Based on this analysis, I made a historically average number of upset picks and then carried this analysis through to the Final Four and eventual champion. In the real tournament, there were an above average number of seed upsets in both rounds (ten and six to be exact). Table 1 below summarizes my upset picks and the actual upsets through two rounds.

Table 1: Summary of NCAA Tournament upset picks and upset results through two rounds

Of the 13 total upset predictions that I made this year, a total of six were correct, two I give myself partial credit (the yellow 'O's) and five were wrong. There were eight additional upsets that I did not pick.

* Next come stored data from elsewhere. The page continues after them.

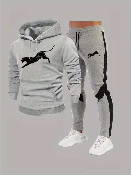 Muški set majica s kapuljačom za jesen i zimu, sportska odjeća prikladna za jesen i proljeće, uključujući trenirku i hlače.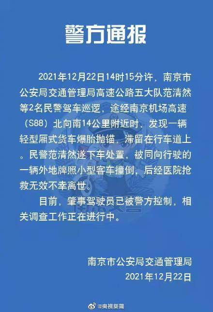 今天14时15分许,南京市公安局交通管理局高速公路五大队范清然等2名民警驾车巡逻,途经南京机场高速(S88)北向南14公里附近时,发现一辆轻型厢式货车爆胎抛锚,滞留在行车道上。民警范清然遂下车处置,被同向行驶的一辆外地牌照小型客车撞倒,后经医院抢救无效不幸离世。目前,肇事驾驶员已被警方控制,相关调查工作正在进行中。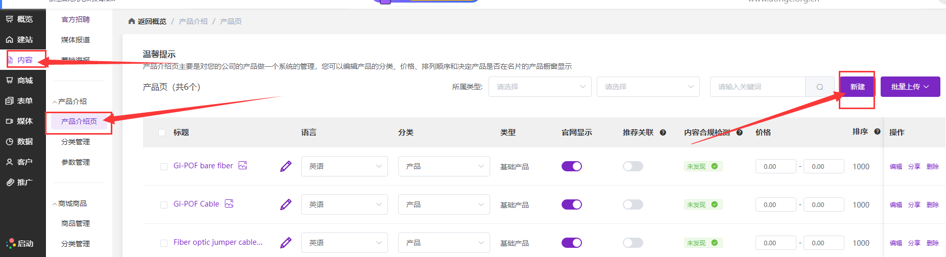 推荐关联商品设置操作路径:1、官微中心后台-内容-内容关联-关联推荐,“推荐关联商品介绍”板块。在语言栏可以选择某个语言版本的网站,点击“添加内容”。2、在添加关联商品窗口点击勾选产品,选择好之后点“

On balance I think that my method did OK.

The biggest success was that I correctly predicted one of the biggest upsets of the weekend: No. 14 Abilene Christian's upset win over No.3 Texas. I also picked No. 13 Ohio to upset No. 4 Virginia. I am also giving myself credit for taking UCLA/MSU to beat BYU, even though I clearly thinking that it would be the Spartans and not the Bruins to win both of those games. Most office pools take the First Four winner as either/or, so it still counts in my book. Hey, there has to be some benefit of the First Four, right?

The other partial credit comes from the fact that I correctly bounced No. 3 West Virginia and No. 4 Oklahoma State in the second round, I just had the triumphant opponent wrong. From an office pool point of view, this also has some value.

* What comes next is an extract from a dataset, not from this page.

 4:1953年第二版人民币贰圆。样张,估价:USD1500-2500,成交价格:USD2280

As for a more visual view of the upsets, I repeat below one of the main figures that I used to make picks last week, with the actual upsets highlighted in bold, red tex.

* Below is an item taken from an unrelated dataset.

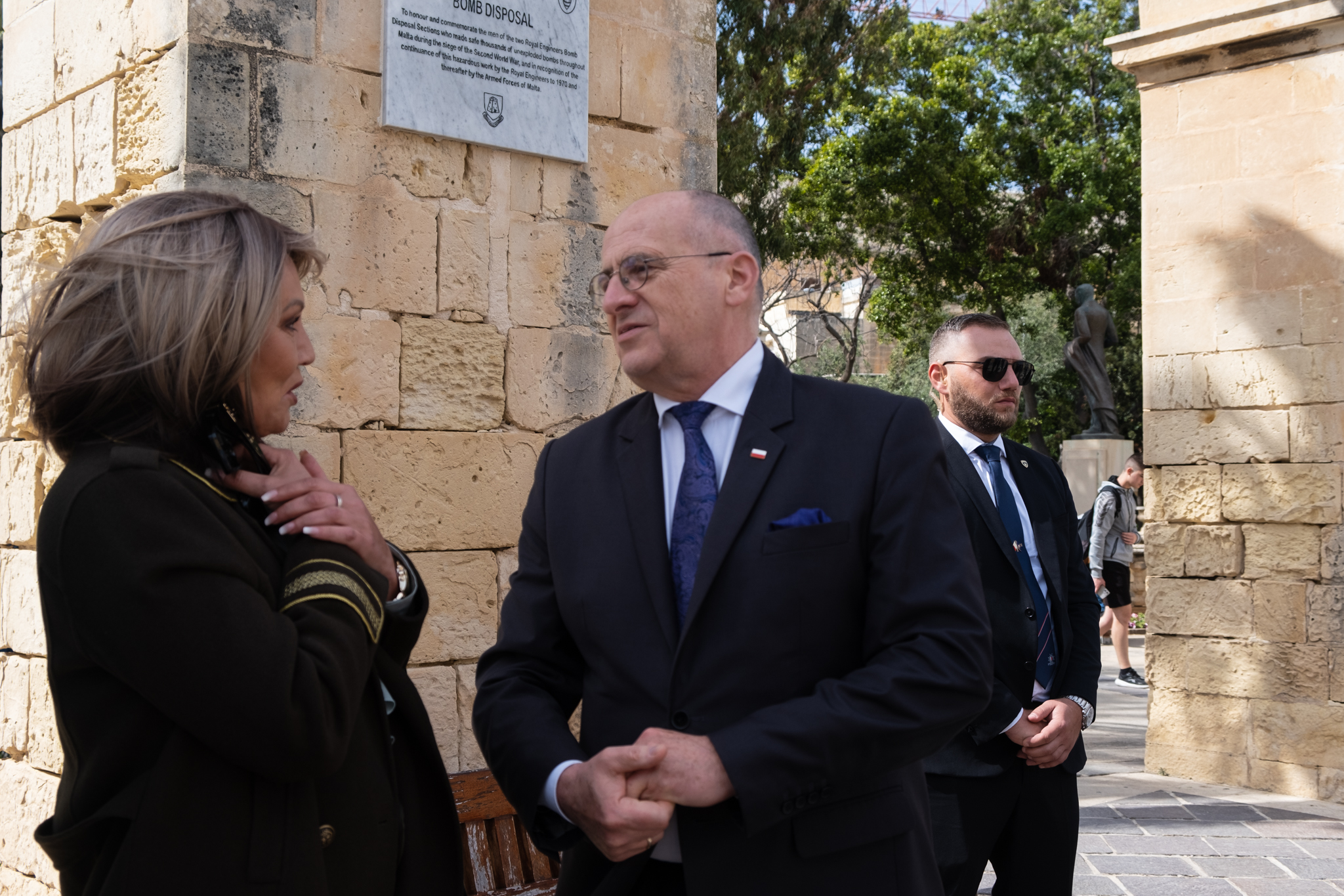 Once the political talks were over, the head of Polish diplomacy laid a wreath of flowers under the plaque commemorating 13 Polish sailors of the destroyer escort “ORP Kujawiak” which sank off the coast of Malta during the Second World War.

Figure 1: 2021 odds for the first round games compared to the average historical odds for each seed pair

From a certain point of view, in retrospect, my analysis perhaps did a better job than I originally thought. Of the 32 total first round games, only eight contest clearly fell below the average line, which denotes a more likely upset. Five of those games ended in an upset and Liberty and Colgate were both very competitive in their games. It was only the LSU - Saint Bonaventure game that bucked this trend and I didn't even make that pick.

I probably should have more seriously considered the possible Purdue upset by North Texas, but I decided to ignore the warnings of my own analysis. As for the other five upsets, three of them (Maryland, Syracuse, and UCLA) all lie close to the average line.

Only two of the 10 first round upsets were truly surprising: Oregon State and Oral Roberts. As for Oregon State, their upset of Tennessee perhaps could have been predicted had I simply remembered the Coach Rick Barnes was on the bench and he is absolutely notorious for losing to lower seeds. As for Ohio State, my math suggests that upset on the No. 1 and No. 2 line are simply random bad luck. It's happened to the best of us...

Figure 2 gives a similar retrospective analysis of the second round games.

Figure 2: 2021 odds for second round games compared to the average historical odds for each seed pair

As for the predictability of the six second round upsets, the results are less clear. In total, seven of the 16 games had above average upset odds and only three of those games ended in upsets. In this case, I did correctly pick USC's upset of Kansas and West Virginia's loss, but Texas Tech and Maryland (actually UCONN) let me down on the upset front.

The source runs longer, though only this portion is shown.